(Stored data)

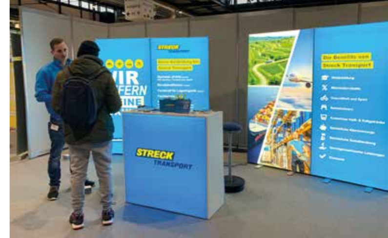
Der neue Messestand von Streck Transport in Deutschland fällt den zukünftigen Auszubildenden sofort ins Auge
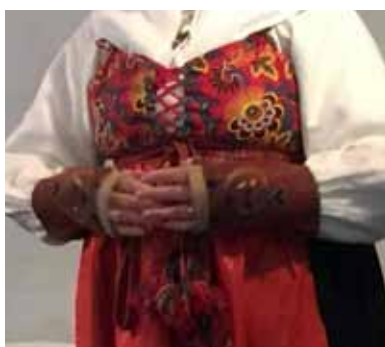
Broderade halvhandskar och bokkläde för psalmboken.
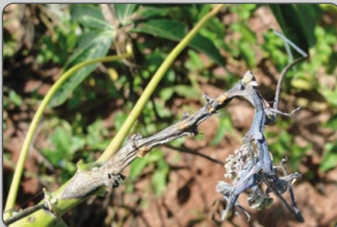
Figura 44 – Sintoma do ataque da antracnose na rama.

A doença conhecida como antracnose é causada por fungos, e sua maior incidência ocorre quando as temperaturas são mais amenas e a umidade relativa é elevada, podendo acarretar lesões que podem se tornar portas de entrada de bacteriose e brocas das ramas.
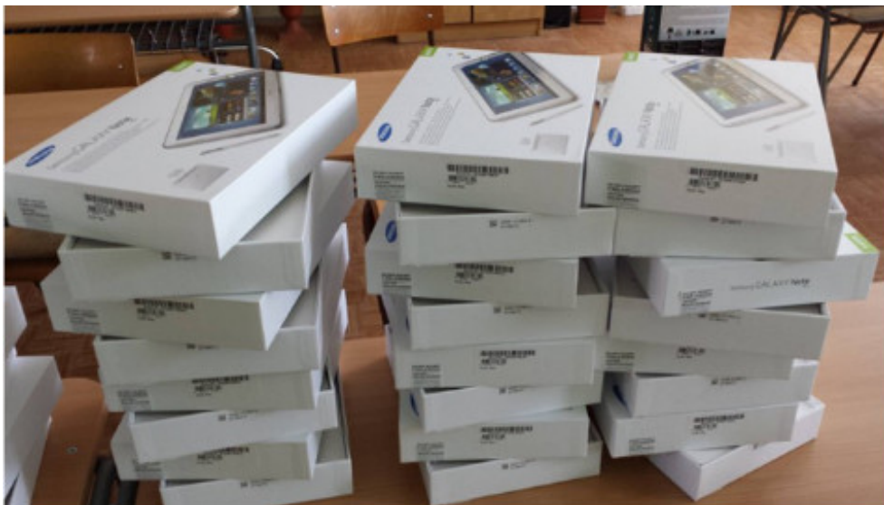
Gymnázium, Slovenská 5
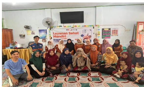
Gambar : Kegiatan edukasi berbasis karakteristik keluarga
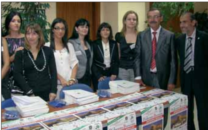
Los trabajadores de ALCER participaron en una mesa informativa
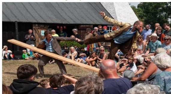
Don Gnu. To mand og en planke

Men trods alle disse opgivet projektet om det i pressen. Vi måske også fristende hjemmeside samt på facebook.
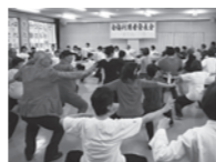
第30回白梅利用者発表会の様子
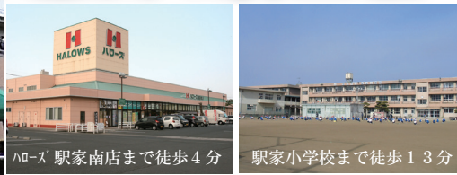
ハローズ 駅家南店まで徒歩4分 駅家小学校まで徒歩13分
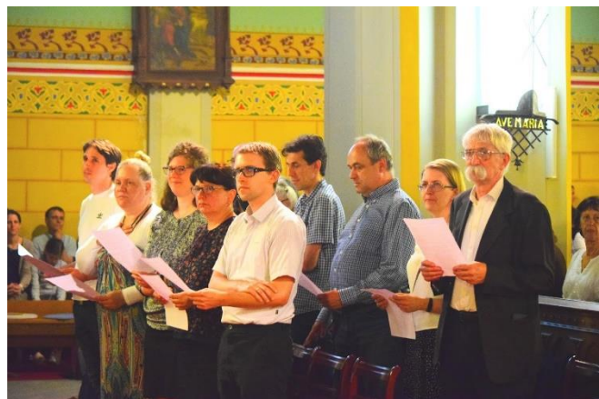
A képviselőtestületi eskü megújítása

Amikor az utolsó napon a köszönő ajándékokat adtam át sorban, igazán nagy hála volt bennem mindazok iránt, akik mindezt küldetésüknek érezték. Sok kis csomag volt – mert sokan tudták, érezték, hogy így lesz igazán közös az ünnep.
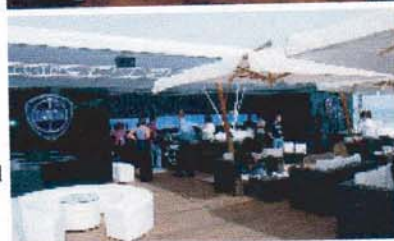
La sdraio luminosa a due piazze. A fianco lo spazio Lancia Café.

Requirement: Working from the line with "Men trods alle" down through the last line of the records, give every line again exactly, but no pictures.

Completed task:
Men trods alle disse opgivet projektet om det i pressen. Vi måske også fristende hjemmeside samt på facebook.
第30回白梅利用者発表会の様子
ハローズ 駅家南店まで徒歩4分 駅家小学校まで徒歩13分
A képviselőtestületi eskü megújítása

Amikor az utolsó napon a köszönő ajándékokat adtam át sorban, igazán nagy hála volt bennem mindazok iránt, akik mindezt küldetésüknek érezték. Sok kis csomag volt – mert sokan tudták, érezték, hogy így lesz igazán közös az ünnep.
La sdraio luminosa a due piazze. A fianco lo spazio Lancia Café.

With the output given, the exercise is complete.